## Task
Give back the lines of the entries below exactly as written, from the first line to the line holding "Крім того, в", both included, with the pictures omitted.

______________________________

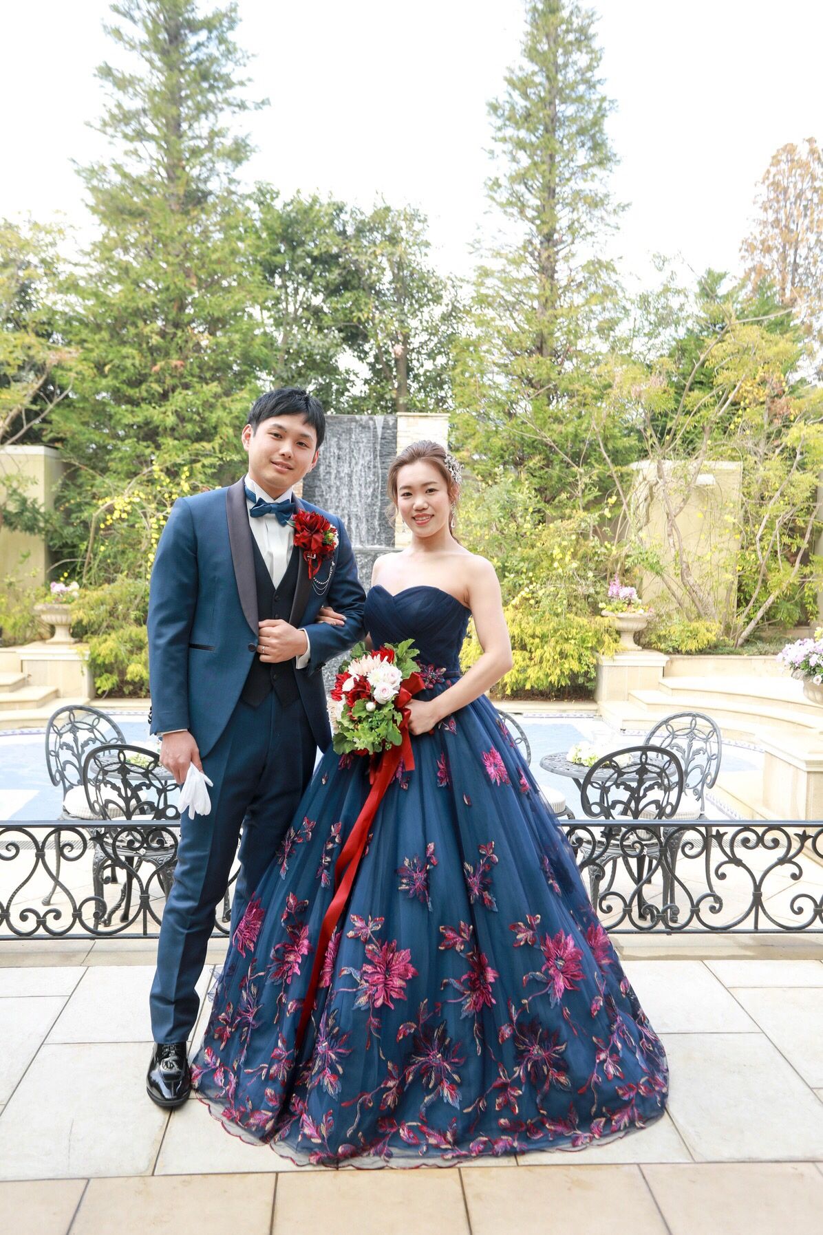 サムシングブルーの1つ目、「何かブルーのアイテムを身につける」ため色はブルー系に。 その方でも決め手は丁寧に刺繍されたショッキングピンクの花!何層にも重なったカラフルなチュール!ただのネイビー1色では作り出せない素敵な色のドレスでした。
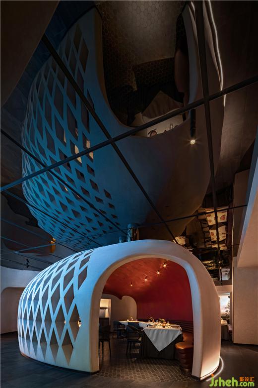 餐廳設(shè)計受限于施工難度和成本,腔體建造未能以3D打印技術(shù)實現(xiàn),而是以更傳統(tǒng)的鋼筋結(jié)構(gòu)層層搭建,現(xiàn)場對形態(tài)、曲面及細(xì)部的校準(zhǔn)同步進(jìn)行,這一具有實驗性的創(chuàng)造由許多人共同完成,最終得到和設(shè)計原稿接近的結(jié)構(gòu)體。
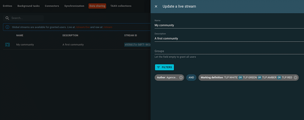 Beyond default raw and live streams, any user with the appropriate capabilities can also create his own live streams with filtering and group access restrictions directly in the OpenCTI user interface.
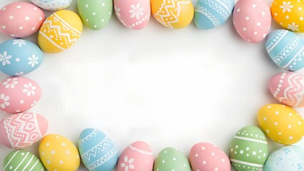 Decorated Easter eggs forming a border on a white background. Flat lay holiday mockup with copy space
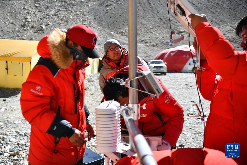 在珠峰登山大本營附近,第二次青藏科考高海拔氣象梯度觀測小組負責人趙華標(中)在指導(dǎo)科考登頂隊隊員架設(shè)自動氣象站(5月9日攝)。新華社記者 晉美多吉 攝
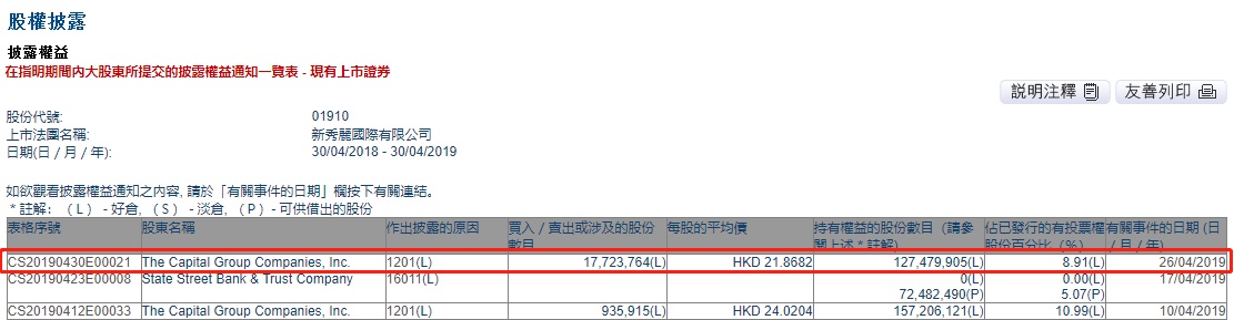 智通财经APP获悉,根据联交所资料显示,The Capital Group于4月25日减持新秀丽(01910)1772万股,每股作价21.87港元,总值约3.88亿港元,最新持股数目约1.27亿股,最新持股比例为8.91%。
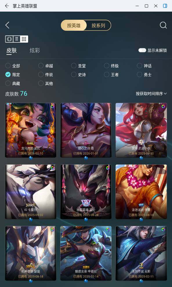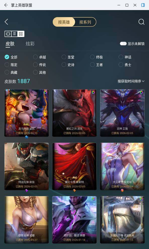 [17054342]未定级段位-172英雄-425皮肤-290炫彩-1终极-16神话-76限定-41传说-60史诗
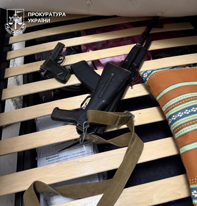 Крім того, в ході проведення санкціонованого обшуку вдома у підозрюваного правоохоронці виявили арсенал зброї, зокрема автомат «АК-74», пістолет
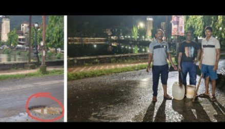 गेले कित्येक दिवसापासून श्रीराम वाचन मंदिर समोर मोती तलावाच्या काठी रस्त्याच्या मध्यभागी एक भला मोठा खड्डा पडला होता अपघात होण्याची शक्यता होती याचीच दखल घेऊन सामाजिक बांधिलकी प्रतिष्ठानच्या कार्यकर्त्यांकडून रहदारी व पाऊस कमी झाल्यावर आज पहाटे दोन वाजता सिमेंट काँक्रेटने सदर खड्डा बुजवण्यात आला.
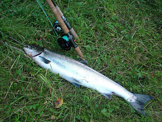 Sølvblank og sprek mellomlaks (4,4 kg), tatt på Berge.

______________________________

## Answer area
 サムシングブルーの1つ目、「何かブルーのアイテムを身につける」ため色はブルー系に。 その方でも決め手は丁寧に刺繍されたショッキングピンクの花!何層にも重なったカラフルなチュール!ただのネイビー1色では作り出せない素敵な色のドレスでした。
 餐廳設(shè)計受限于施工難度和成本,腔體建造未能以3D打印技術(shù)實現(xiàn),而是以更傳統(tǒng)的鋼筋結(jié)構(gòu)層層搭建,現(xiàn)場對形態(tài)、曲面及細(xì)部的校準(zhǔn)同步進(jìn)行,這一具有實驗性的創(chuàng)造由許多人共同完成,最終得到和設(shè)計原稿接近的結(jié)構(gòu)體。
 Beyond default raw and live streams, any user with the appropriate capabilities can also create his own live streams with filtering and group access restrictions directly in the OpenCTI user interface.
 Decorated Easter eggs forming a border on a white background. Flat lay holiday mockup with copy space
 在珠峰登山大本營附近,第二次青藏科考高海拔氣象梯度觀測小組負責人趙華標(中)在指導(dǎo)科考登頂隊隊員架設(shè)自動氣象站(5月9日攝)。新華社記者 晉美多吉 攝
 智通财经APP获悉,根据联交所资料显示,The Capital Group于4月25日减持新秀丽(01910)1772万股,每股作价21.87港元,总值约3.88亿港元,最新持股数目约1.27亿股,最新持股比例为8.91%。
 [17054342]未定级段位-172英雄-425皮肤-290炫彩-1终极-16神话-76限定-41传说-60史诗
 Крім того, в ході проведення санкціонованого обшуку вдома у підозрюваного правоохоронці виявили арсенал зброї, зокрема автомат «АК-74», пістолет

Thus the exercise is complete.